In the recent case of Bugden v Royal Mail Group [2024], the Employment Appeal Tribunal (the EAT) found that the Employment Tribunal (the ET) should have considered redeployment as an alternative to dismissal when determining whether the dismissal fell within the range of reasonable responses. This was even though it wasn’t raised by either party in their pleadings, during the proceedings, or at the hearing.
Background
Mr Bugden worked for the Royal Mail Group (Royal Mail) for 25 years as a postal worker. Between 2015 and 2019 he took regular and substantial periods of absence amounting to 297 days across this period. Royal Mail engaged their disciplinary procedure after these absences meant that Mr Bugden failed to meet their attendance policy requirements. Following an Occupational Health assessment, Royal Mail offered for Mr Bugden to reduce his working hours, which he refused. This subsequently resulted in his dismissal on the basis that Royal Mail had no confidence his attendance would improve. At no point did Mr Bugden ask for redeployment to be explored.
Mr Bugden brought claims in the ET for unfair dismissal, disability discrimination and failure to make reasonable adjustments. The ET found that Royal Mail did not fail to make reasonable adjustments, as discounting his absences would not have been a reasonable adjustment, and his dismissal was found to be fair. His claims therefore failed.
Mr Bugden appealed to the EAT, asserting that the ET failed to consider the issue of redeployment in that:
- Redeploying him into another role was a reasonable adjustment Royal Mail could have made given that the ET heard evidence that his health problems were worsened because of his manager’s behaviour. Although redeployment was not raised in pleadings, or at the hearing, Mr Bugden argued that the ET should have addressed this as a potential reasonable adjustment; and
- By failing to consider redeployment, the fairness of the dismissal was impacted.
EAT Judgment
The EAT found that on the particular facts, the ET did not err in failing to consider redeployment as a reasonable adjustment. This was not raised by Mr Bugden or his Occupational Health advisor prior to his dismissal nor was it raised by Mr Bugden in his pleadings, or at the hearing. Further, it was not sufficiently clear from the material presented to the ET what effect redeployment would have had on Mr Bugden had it been considered as a reasonable adjustment. This element of his appeal therefore failed.
However, the EAT found that redeployment should have been considered in the context of the unfair dismissal claim, as a matter of course by the ET, when considering alternatives to dismissal, and the impact of that on the reasonableness of a decision to dismiss.

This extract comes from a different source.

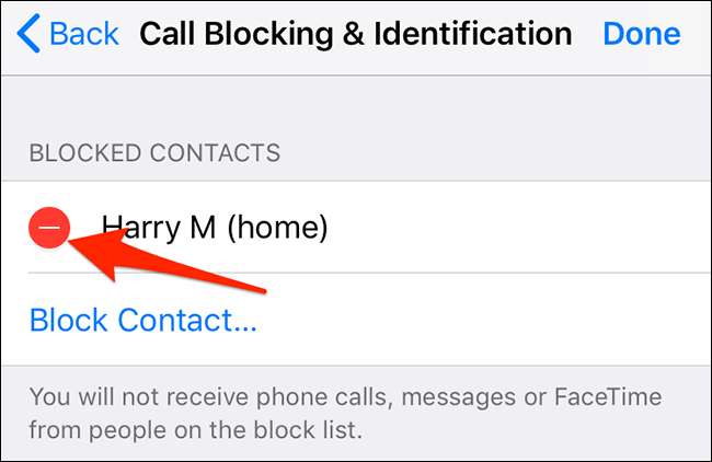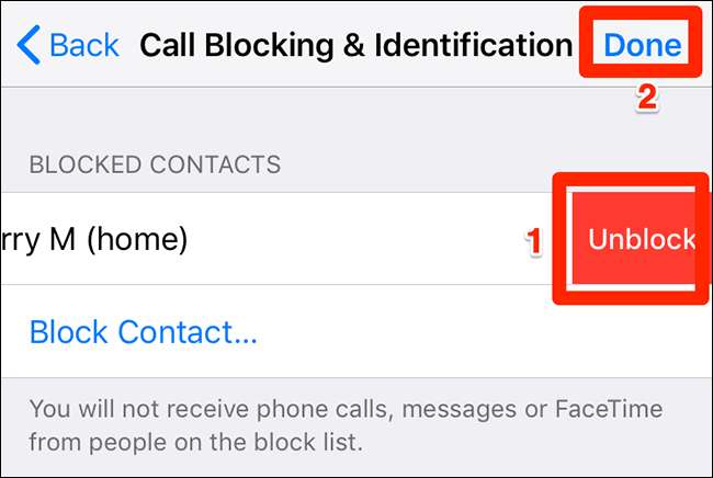 Tryk på "Fjern blokering" ved siden af kontaktens navn, og tryk derefter på "DONE" i øverste højre hjørne.

This was a crucial question when determining if a dismissal due to absences from ill health was reasonable in the circumstances, even if Mr Bugden had not raised it prior to his dismissal, in his pleadings, or at the hearing. In failing to consider this point, the ET was found to have erred in law. The matter was remitted back to the ET to consider this point.
Comment
This case is a valuable reminder to employers of the importance of adequately and meaningfully considering alternatives to dismissal to ensure the fairness of a dismissal. In this case, it was immaterial that Mr Bugden had not specifically raised the issue of redeployment in his pleadings, or at the hearing. The EAT still found that the ET should have considered this point as a matter of course when considering the fairness of the dismissal. This could therefore make all the difference between a fair and unfair dismissal finding.